(Beginning of Information shown)
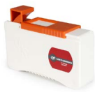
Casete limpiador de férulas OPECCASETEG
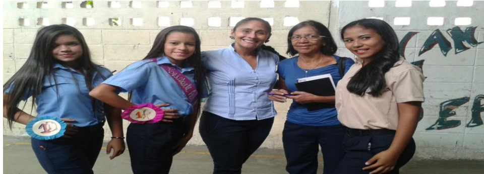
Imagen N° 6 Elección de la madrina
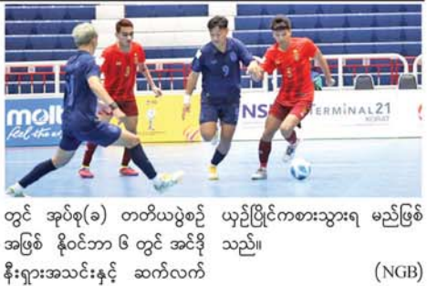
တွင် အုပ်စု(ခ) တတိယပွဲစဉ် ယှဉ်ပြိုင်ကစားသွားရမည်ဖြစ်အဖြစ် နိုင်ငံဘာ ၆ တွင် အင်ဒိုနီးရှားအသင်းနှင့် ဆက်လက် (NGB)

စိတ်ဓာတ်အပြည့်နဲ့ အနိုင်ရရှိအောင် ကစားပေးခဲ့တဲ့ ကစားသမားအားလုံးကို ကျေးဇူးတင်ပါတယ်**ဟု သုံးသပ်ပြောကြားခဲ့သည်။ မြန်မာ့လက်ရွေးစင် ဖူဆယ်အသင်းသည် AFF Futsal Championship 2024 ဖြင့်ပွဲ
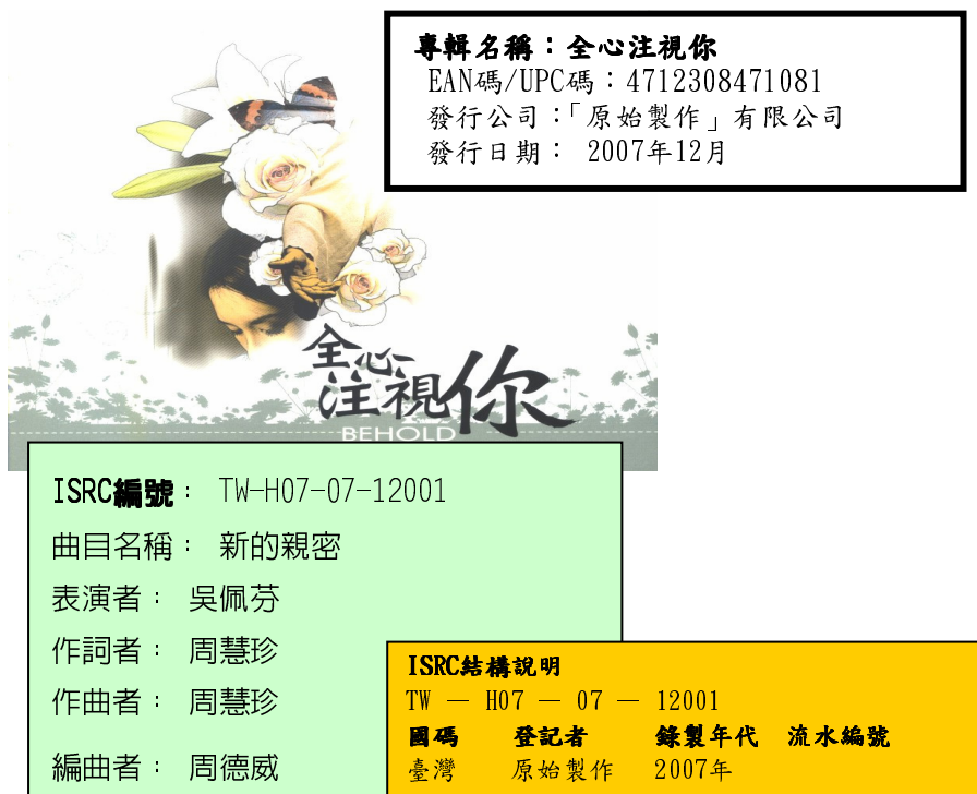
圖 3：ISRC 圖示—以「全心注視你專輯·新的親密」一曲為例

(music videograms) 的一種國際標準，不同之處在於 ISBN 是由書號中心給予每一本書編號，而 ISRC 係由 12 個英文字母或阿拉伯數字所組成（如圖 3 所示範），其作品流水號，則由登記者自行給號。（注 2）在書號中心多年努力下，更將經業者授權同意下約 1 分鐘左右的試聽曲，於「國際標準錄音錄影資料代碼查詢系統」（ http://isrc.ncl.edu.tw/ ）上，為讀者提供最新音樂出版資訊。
(End of Information shown)
--- Prompt ---
The answer must be an exact copy of the records, with no pictures in it.

--- Answer ---
Casete limpiador de férulas OPECCASETEG
Imagen N° 6 Elección de la madrina
တွင် အုပ်စု(ခ) တတိယပွဲစဉ် ယှဉ်ပြိုင်ကစားသွားရမည်ဖြစ်အဖြစ် နိုင်ငံဘာ ၆ တွင် အင်ဒိုနီးရှားအသင်းနှင့် ဆက်လက် (NGB)

စိတ်ဓာတ်အပြည့်နဲ့ အနိုင်ရရှိအောင် ကစားပေးခဲ့တဲ့ ကစားသမားအားလုံးကို ကျေးဇူးတင်ပါတယ်**ဟု သုံးသပ်ပြောကြားခဲ့သည်။ မြန်မာ့လက်ရွေးစင် ဖူဆယ်အသင်းသည် AFF Futsal Championship 2024 ဖြင့်ပွဲ
圖 3：ISRC 圖示—以「全心注視你專輯·新的親密」一曲為例

(music videograms) 的一種國際標準，不同之處在於 ISBN 是由書號中心給予每一本書編號，而 ISRC 係由 12 個英文字母或阿拉伯數字所組成（如圖 3 所示範），其作品流水號，則由登記者自行給號。（注 2）在書號中心多年努力下，更將經業者授權同意下約 1 分鐘左右的試聽曲，於「國際標準錄音錄影資料代碼查詢系統」（ http://isrc.ncl.edu.tw/ ）上，為讀者提供最新音樂出版資訊。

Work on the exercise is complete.